Council software halts postal vote to China

Red postbox on sunny street
Image caption,

Dr Hutton Ferris said the process had left him disenfranchised

  • Published

A voter has complained his postal ballot will not be counted because his local authority struggled to send it to China.

Lecturer Dr Daniel Hutton Ferris said Newcastle City Council told him its software could not recognise the Mandarin characters in the address of his accommodation in China.

The council said it spoke to Dr Hutton Ferris and agreed to send the ballot to the address, written in the Roman alphabet instead.

But Dr Hutton Ferris said he had still not received the ballot. "If it comes now, I won't have time to send back in time," he said.

Dr Hutton Ferris, a political theory lecturer at Newcastle University, applied for a postal vote soon after the general election was called in May, as he would be in China on holiday on 4 July.

But after a week with no response and then a follow-up email, the local authority replied to say its software could not recognise the Mandarin characters in his postal address.

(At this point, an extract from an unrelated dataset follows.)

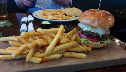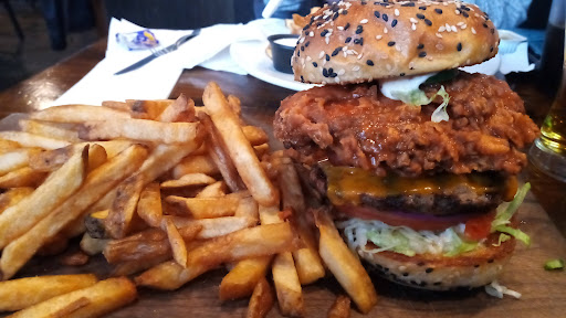 Read moreI was pleasantly surprised by my dinner here. We arrived on a Saturday around 5 and the restaurant was almost full. There were only a few tables left and we asked for a low table as we didn't want to sit at a bar top (high table). I am assuming the hostess /waitress that greeted us didn't want us to have a low table as we were a party of two and the low tables were set up for fours. It was loud and I couldn't really hear what she was saying as she was seating us, we went to sit down and she said 'fine, sit anywhere you want' in a surly tone. Once seated she asked what we'd like to drink, I asked what was on tap. She pointed to the bar menu on the table and again in a surly tone said 'have a look in there and I'll give you a couple of minutes'. Thankfully that was the last we saw of her, a more pleasant waitress took over after that. We had the Fish & Chips and the Steak Frites. Overall the dinner was good, the portions were generous and other than my steak being well, well done, rather than the medium I requested, there were no real issues. I would go back to watch a game, the music was loud and combined with the other conversations in the restaurant, it's difficult to carry on a conversation.

The lecturer explained he could write the address in Pinyn, a way of writing Mandarin Chinese in the Roman alphabet, but that using this system meant the ballot was less likely to be delivered to him.

The Chinese "postal system is better set up to read their own language," he said.

Dr Hutton Ferris said many countries did not write using the Roman alphabet and that the council should have better systems for sending out postal votes to these places.

The academic sent back his address in Pinyn to the council on 11 June, but has yet to receive a ballot.

He said the whole process had left him "disenfranchised" and said there "needs to be action taken on this".

"As a philosopher of democracy in my day job, I am appalled," he said.

The council said it had sent out the ballot to Dr Hutton Ferris last week and it was "now in the hands of the postal services".